New Addington company fined £14,000 after man's leg is crushed by metal sheets
A Croydon company that builds truck bodies has been fined £14,000, after a worker's leg was crushed by metal sheets weighing nearly four tonnes.
Self-employed lorry driver Andrew Trotter from Stoke on Trent, was unloading the pack of six-metre steel sheets at Thompsons (UK) Ltd in Vulcan Way, New Addington, when the incident happened on January 5, last year.
The 52-year-old had delivered the sheet metal packs in his flatbed lorry and Thompson workers were unloading them using a tandem lift by two counter-balanced forklift trucks.
The packs were being re-loaded onto a separate lorry before being taken to the firm's factory.

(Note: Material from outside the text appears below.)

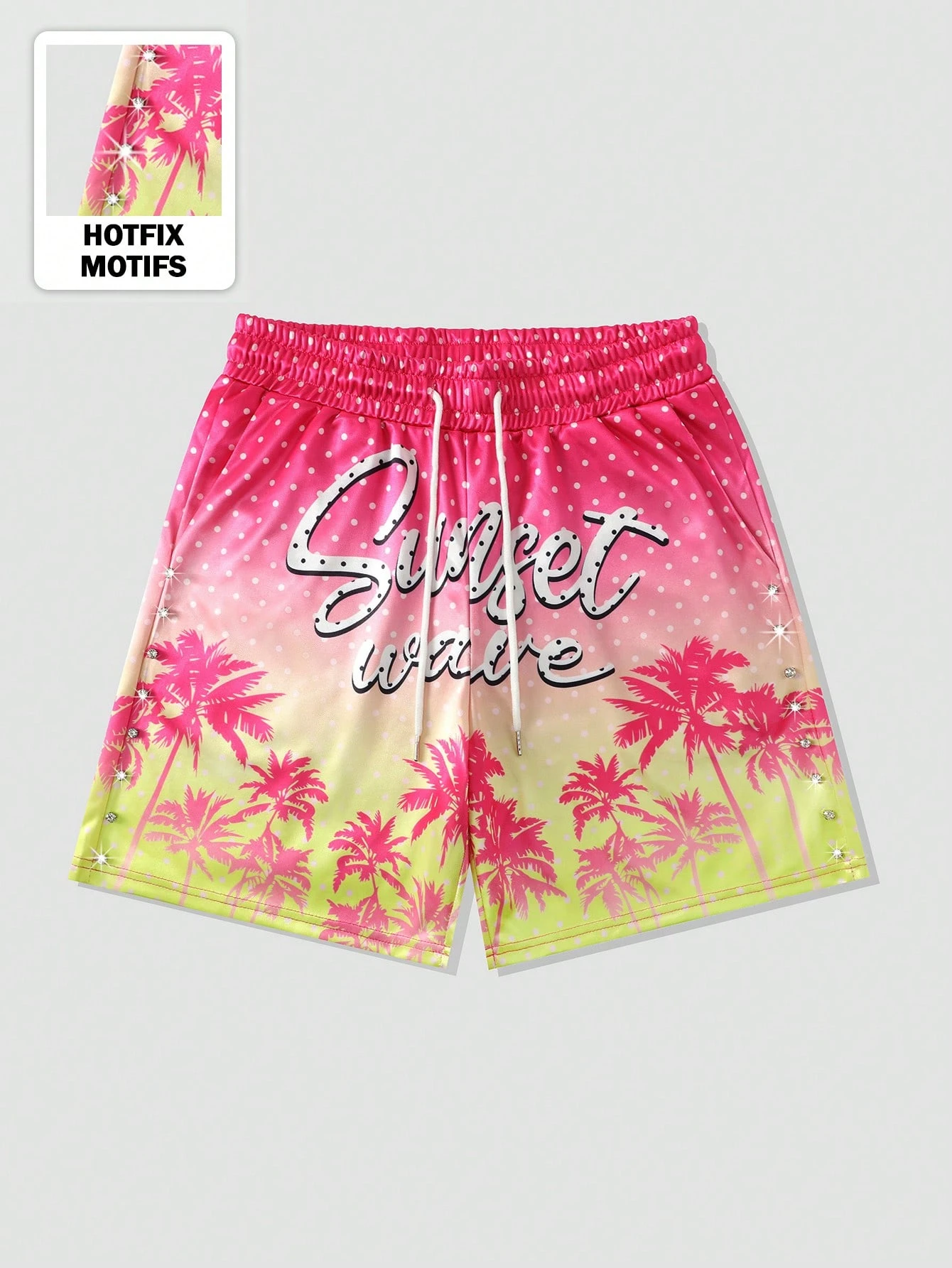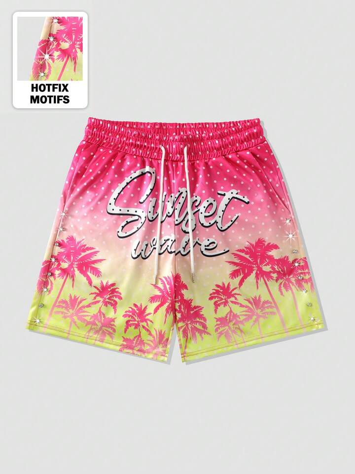 Pantaloncini da spiaggia casual da uomo con stampa di palme e decorati con diamanti scintillanti

But the re-loading was unbalanced and as the second pack was being placed on the first, a wooden baton became dislodged causing the whole sheet steel pack to slide.
Mr Trotter, who was picking up straps between the two lorries, was struck by the corner of the pack before it hit the floor.
He suffered a fractured leg and muscle damage and has limited knee and ankle movement. He has had to return for hospital treatment when swelling of his leg has caused skin splitting and infection.
The Health and Safety Executive (HSE) investigated and prosecuted Thompsons (UK) Ltd at Westminster Magistrates' Court yesterday, for two breaches of health and safety legislation.
The court heard the HSE found a lack of planning led to Mr Trotter being able to work close to the chassis lorry as the hazardous re-loading was taking place.
The tandem lift was described as "a complicated procedure that had been neither properly planned nor supervised."
Thompsons (UK) Ltd were fined £14,000 and ordered to pay costs of £11,284 after admitting a breach of the Provision and Use of Work Equipment Regulations and a separate breach of the Lifting Operations and Lifting Equipment Regulations.
After the case, HSE Inspector Matt Raine said: "This incident could easily have resulted in death and was completely preventable. The injuries Mr Trotter sustained have been painful and life-changing and although he can drive his lorry, it is not certain how long he will be able to do so.
"Thompsons (UK) Ltd failed to make sure that the lifting operation of the sheet metal was properly planned and supervised and then, of course, carried out safely.
"In addition they had not provided adequate training in the use of the forklift trucks to one of their employees involved in the lifting operation."